▶ [GIVEN RECORDS]:
────────────────────────────────────────

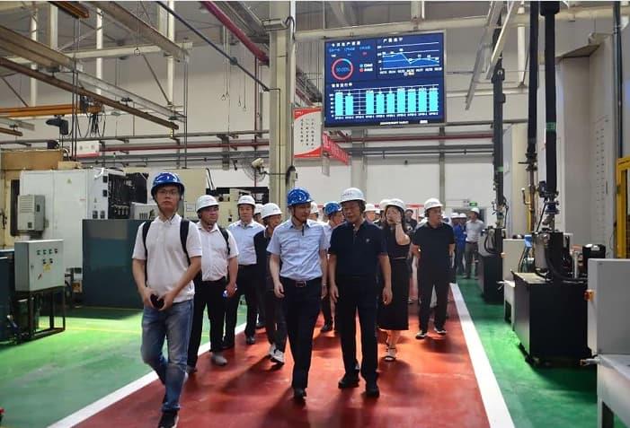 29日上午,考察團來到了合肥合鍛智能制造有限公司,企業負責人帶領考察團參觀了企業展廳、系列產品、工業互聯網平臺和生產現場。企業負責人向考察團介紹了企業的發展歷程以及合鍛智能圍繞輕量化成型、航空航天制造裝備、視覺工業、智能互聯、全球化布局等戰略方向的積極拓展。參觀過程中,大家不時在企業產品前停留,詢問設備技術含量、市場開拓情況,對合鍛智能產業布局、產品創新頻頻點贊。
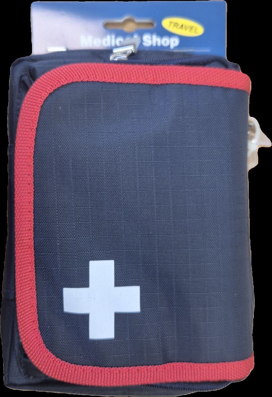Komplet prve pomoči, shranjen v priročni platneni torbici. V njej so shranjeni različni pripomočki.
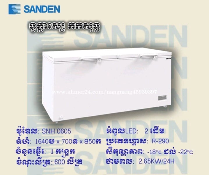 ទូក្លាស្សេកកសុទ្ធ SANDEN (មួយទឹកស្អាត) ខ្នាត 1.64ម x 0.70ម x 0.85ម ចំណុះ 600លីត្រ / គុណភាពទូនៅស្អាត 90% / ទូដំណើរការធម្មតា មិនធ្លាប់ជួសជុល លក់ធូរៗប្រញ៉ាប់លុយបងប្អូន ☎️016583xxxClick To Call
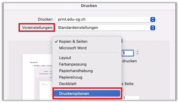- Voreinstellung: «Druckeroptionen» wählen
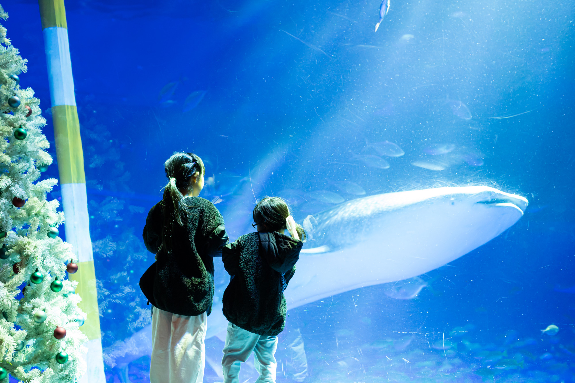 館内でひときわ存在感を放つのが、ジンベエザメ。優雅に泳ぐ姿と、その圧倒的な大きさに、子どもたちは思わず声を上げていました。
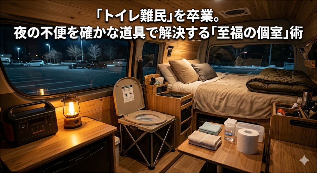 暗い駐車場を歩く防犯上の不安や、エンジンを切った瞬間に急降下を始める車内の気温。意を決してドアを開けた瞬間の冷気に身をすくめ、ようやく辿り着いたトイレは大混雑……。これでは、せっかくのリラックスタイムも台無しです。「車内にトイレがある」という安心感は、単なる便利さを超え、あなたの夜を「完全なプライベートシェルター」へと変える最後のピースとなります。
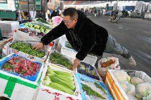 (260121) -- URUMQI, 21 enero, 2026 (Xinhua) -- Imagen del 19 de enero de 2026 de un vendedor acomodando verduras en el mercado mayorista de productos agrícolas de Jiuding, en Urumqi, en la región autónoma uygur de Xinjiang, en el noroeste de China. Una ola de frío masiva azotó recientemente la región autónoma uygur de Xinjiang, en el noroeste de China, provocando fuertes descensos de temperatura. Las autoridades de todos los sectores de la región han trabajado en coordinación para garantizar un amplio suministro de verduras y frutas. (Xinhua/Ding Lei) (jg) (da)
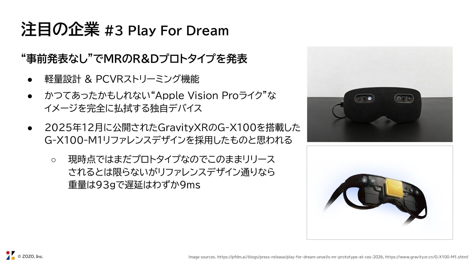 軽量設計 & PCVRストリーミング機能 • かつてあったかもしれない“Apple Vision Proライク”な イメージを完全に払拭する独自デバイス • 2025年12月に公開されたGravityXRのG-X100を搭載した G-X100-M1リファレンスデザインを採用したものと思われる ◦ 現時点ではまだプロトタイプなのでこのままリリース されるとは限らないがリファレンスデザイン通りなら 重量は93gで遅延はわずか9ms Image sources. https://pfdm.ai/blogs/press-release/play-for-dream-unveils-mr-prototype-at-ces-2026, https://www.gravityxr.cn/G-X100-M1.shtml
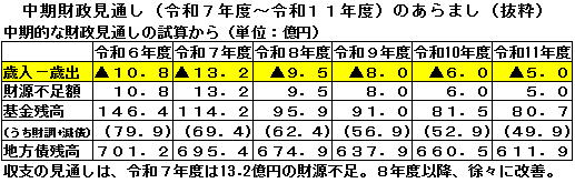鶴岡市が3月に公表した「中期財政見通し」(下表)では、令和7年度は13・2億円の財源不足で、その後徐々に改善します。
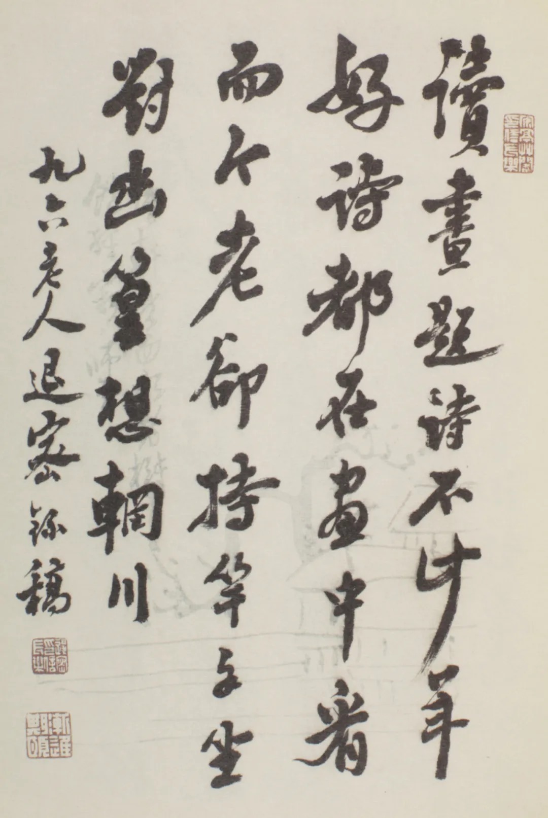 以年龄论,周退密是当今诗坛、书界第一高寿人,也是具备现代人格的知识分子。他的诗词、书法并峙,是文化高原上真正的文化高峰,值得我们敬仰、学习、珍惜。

────────────────────────────────────────

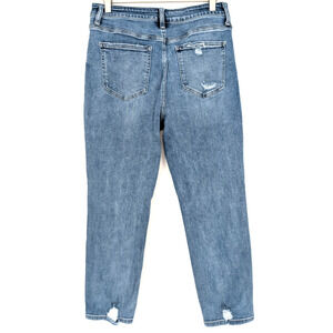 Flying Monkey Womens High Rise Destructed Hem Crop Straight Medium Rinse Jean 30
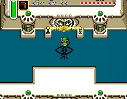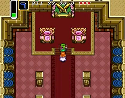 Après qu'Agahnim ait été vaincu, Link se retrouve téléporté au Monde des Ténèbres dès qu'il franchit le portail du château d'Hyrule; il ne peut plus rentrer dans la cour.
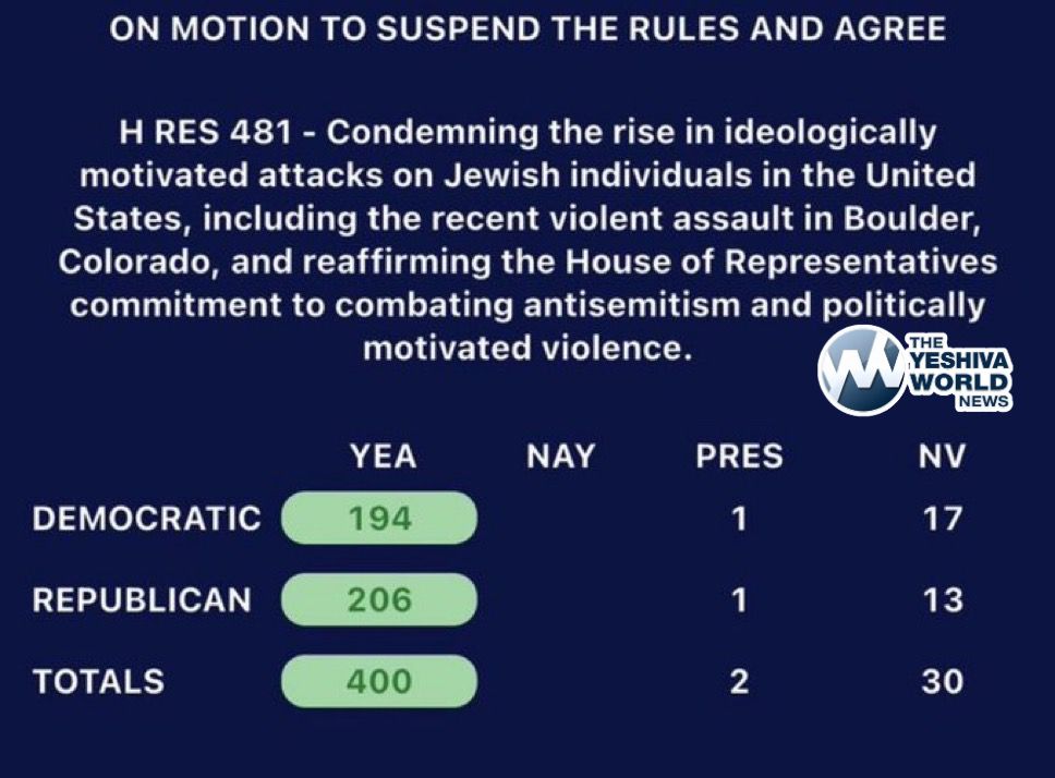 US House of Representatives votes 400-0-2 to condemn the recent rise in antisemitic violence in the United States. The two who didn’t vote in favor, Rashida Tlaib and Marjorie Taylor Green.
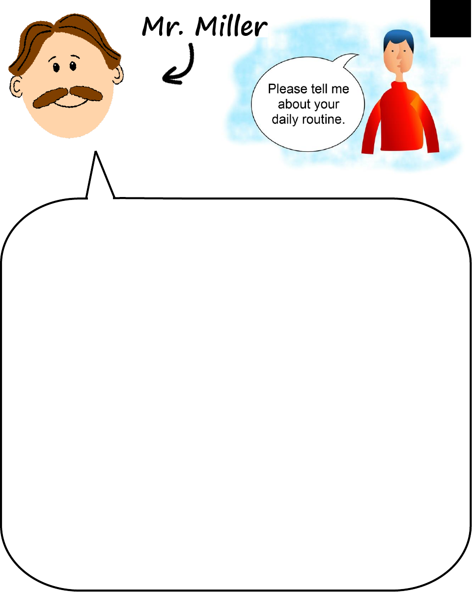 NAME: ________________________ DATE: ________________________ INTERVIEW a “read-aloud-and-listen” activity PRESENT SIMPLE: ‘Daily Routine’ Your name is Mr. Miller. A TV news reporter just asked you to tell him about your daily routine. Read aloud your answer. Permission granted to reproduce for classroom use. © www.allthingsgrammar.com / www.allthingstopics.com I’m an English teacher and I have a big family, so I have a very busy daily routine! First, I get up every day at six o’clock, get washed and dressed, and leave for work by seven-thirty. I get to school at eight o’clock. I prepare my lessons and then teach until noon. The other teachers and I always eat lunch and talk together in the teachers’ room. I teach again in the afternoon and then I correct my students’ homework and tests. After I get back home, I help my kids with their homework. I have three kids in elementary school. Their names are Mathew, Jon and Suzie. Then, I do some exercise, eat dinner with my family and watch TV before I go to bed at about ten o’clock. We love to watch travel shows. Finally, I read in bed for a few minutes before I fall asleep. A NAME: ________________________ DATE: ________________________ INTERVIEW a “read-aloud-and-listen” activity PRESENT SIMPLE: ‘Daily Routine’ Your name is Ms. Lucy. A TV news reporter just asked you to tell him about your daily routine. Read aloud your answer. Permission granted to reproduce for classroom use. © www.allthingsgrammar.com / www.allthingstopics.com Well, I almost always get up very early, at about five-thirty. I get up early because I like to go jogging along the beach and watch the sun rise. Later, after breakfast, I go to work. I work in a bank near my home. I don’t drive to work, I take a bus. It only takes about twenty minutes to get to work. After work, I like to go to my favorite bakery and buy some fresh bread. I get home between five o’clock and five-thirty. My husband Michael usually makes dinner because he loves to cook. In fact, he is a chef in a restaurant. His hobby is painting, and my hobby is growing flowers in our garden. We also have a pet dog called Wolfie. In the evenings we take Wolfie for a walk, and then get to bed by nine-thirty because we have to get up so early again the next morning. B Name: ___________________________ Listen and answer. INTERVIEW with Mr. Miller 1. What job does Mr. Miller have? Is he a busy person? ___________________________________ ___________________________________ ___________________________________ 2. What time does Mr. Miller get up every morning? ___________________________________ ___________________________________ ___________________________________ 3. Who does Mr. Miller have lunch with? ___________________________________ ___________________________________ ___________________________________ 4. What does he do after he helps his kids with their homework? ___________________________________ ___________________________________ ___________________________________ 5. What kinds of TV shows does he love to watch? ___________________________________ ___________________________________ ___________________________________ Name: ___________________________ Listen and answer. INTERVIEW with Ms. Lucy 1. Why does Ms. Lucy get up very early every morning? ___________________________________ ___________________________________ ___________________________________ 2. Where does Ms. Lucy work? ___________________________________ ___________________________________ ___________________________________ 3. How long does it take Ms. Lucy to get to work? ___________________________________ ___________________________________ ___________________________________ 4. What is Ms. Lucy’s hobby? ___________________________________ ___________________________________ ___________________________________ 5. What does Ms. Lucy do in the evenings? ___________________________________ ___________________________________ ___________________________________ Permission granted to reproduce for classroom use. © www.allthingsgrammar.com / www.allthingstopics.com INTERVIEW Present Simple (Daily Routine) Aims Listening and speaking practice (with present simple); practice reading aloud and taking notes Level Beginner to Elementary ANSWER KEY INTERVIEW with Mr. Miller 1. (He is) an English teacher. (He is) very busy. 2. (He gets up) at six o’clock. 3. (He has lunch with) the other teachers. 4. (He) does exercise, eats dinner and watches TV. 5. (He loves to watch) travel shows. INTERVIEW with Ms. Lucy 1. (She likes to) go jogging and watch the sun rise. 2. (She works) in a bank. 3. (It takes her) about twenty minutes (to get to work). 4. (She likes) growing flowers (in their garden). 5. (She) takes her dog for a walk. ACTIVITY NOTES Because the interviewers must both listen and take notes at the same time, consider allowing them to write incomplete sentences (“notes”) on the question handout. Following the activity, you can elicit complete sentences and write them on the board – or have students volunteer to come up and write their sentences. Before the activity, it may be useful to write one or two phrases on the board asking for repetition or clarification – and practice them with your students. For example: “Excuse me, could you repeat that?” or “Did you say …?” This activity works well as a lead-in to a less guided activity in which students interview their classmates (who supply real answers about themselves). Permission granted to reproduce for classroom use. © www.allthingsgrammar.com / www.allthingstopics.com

────────────────────────────────────────

▶ [EXERCISE PROMPT]: From the line containing "Komplet prve pomoči, shranjen" through the line containing "暗い駐車場を歩く防犯上の不安", copy every line above exactly, without pictures.

▶ [WORKED SOLUTION]:
Komplet prve pomoči, shranjen v priročni platneni torbici. V njej so shranjeni različni pripomočki.
 ទូក្លាស្សេកកសុទ្ធ SANDEN (មួយទឹកស្អាត) ខ្នាត 1.64ម x 0.70ម x 0.85ម ចំណុះ 600លីត្រ / គុណភាពទូនៅស្អាត 90% / ទូដំណើរការធម្មតា មិនធ្លាប់ជួសជុល លក់ធូរៗប្រញ៉ាប់លុយបងប្អូន ☎️016583xxxClick To Call
- Voreinstellung: «Druckeroptionen» wählen
 館内でひときわ存在感を放つのが、ジンベエザメ。優雅に泳ぐ姿と、その圧倒的な大きさに、子どもたちは思わず声を上げていました。
 暗い駐車場を歩く防犯上の不安や、エンジンを切った瞬間に急降下を始める車内の気温。意を決してドアを開けた瞬間の冷気に身をすくめ、ようやく辿り着いたトイレは大混雑……。これでは、せっかくのリラックスタイムも台無しです。「車内にトイレがある」という安心感は、単なる便利さを超え、あなたの夜を「完全なプライベートシェルター」へと変える最後のピースとなります。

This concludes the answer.